Simply put, the rents are too damn high,” said Jason Hairston, explaining on Thursday why he’d closed his popular 14th St. eatery, The Nugget Spot, in September of 2020.
“I was on the way,” Hairston recalled. “I had spent money on a logo and redesigning my store. I was getting ready to open another location in Columbus Circle [in the new Turnstyle Underground Market] and to be in Citifield for the 2020 season. I’d been open for seven years and I was getting ready, getting my sauce made, my flour made — things were lining up and falling into place and then we had to shut our doors.”
In a business with thin margins to begin with — and uncertainty about how long the pandemic, and the city’s shutdown, would last — “there was no way I was going to make money,” said Hairston, a lifelong New Yorker who’s now living in New Jersey while consulting for a Korean hot dog franchise.
“The only reason I would be there would be to support my landlord,” he added.

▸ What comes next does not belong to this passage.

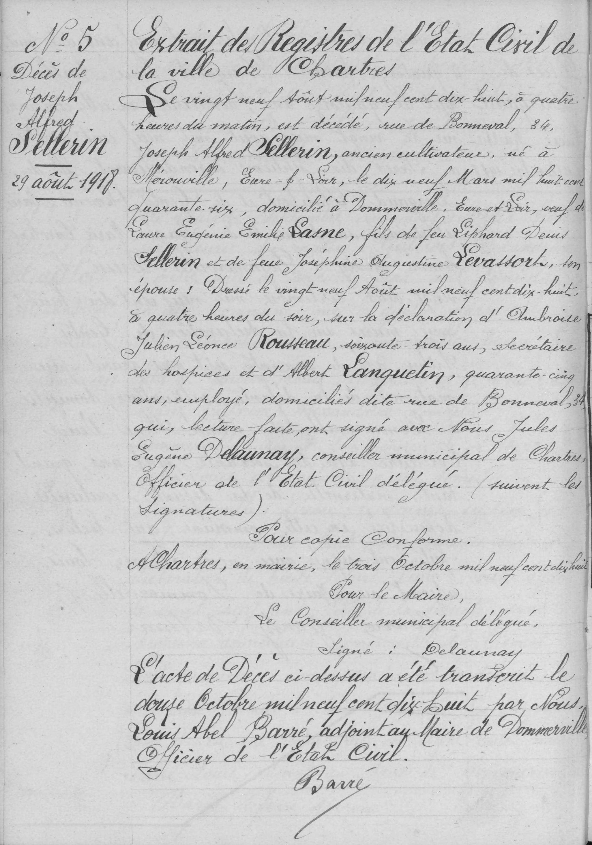 - Un dernier acte transcrit par Sellerin dans le registre d'état civil le 23 mai 1918. Une rectification y est ensuite portée par son adjoint Amilcar-Paul Leblanc le 30 juillet, il meurt le 29 août à l'hospice de Chartres.

The Nugget Spot was one of the 4,040 private establishments the city lost between the fourth quarter of 2019 and the fourth quarter of 2021, according to a new report from New York City Comptroller Brad Lander, as huge losses in Manhattan wiped out gains in Brooklyn. Over the same two-year pandemic stretch, “jobs in New York City fell by approximately 295,000, or 7 percent,” as THE CITY previously reported.
he rare citywide drop in the number of private establishments since 2019 — including a loss of 2,023 retail locations along with 2,482 private household employers, as families let go of on-the-books nannies and maids during the pandemic — was easily the biggest recorded at least since the feds implemented their current counting system in 1990.
Since then, the number had steadily gone up except during the recession in the early 1990s and the years just after the 9/11 attacks.
Manhattan’s
share of the city’s private establishments dropped below 50% for the
first time, according to Lander’s report, as Brooklyn gained 1,267 over
the same period — continuing a 30-year growth trend in which the borough
has surged from 17.8% of the city’s total in 1990 to 24.4% in 2021.
(The Bronx gained 109 private establishments and Staten Island eight
between 2019 and 2021, while Queens lost 158.)